**EXERCISE**
When you reach the line with "zasady i sole." in the listing below, transcribe it and each line after it up to and including the line with "A miniature copy", exactly and with nothing else.

**GIVEN DATA**
= Beginning of Section =

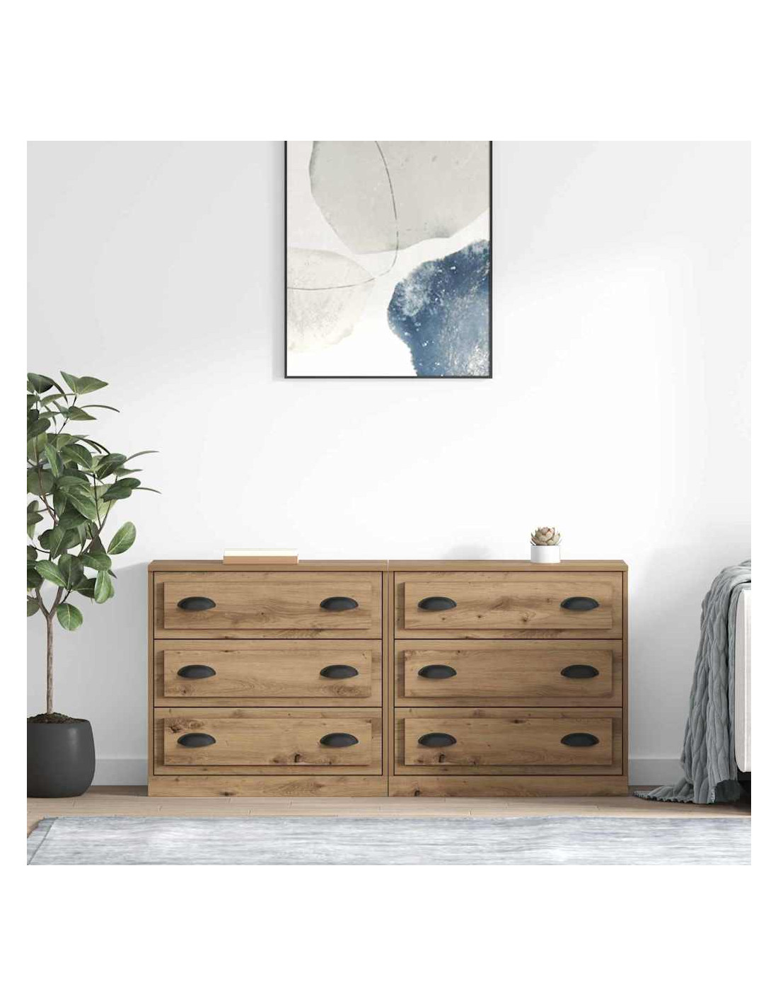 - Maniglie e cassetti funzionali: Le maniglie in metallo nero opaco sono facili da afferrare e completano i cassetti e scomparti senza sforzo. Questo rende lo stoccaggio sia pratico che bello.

= End of Section =
= Beginning of Section =

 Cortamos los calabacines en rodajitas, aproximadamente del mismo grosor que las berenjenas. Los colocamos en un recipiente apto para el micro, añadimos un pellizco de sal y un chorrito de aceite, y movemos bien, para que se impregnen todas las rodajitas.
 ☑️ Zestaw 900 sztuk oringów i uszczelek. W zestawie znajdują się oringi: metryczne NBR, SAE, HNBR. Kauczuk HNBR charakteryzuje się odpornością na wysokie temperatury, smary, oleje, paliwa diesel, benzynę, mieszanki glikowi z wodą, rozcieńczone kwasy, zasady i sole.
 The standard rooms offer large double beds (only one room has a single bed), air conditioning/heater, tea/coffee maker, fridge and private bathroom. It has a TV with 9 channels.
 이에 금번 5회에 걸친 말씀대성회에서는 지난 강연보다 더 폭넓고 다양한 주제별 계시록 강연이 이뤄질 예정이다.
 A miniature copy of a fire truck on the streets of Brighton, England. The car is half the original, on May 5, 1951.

= End of Section =

**SOLVED PROBLEM**
 ☑️ Zestaw 900 sztuk oringów i uszczelek. W zestawie znajdują się oringi: metryczne NBR, SAE, HNBR. Kauczuk HNBR charakteryzuje się odpornością na wysokie temperatury, smary, oleje, paliwa diesel, benzynę, mieszanki glikowi z wodą, rozcieńczone kwasy, zasady i sole.
 The standard rooms offer large double beds (only one room has a single bed), air conditioning/heater, tea/coffee maker, fridge and private bathroom. It has a TV with 9 channels.
 이에 금번 5회에 걸친 말씀대성회에서는 지난 강연보다 더 폭넓고 다양한 주제별 계시록 강연이 이뤄질 예정이다.
 A miniature copy of a fire truck on the streets of Brighton, England. The car is half the original, on May 5, 1951.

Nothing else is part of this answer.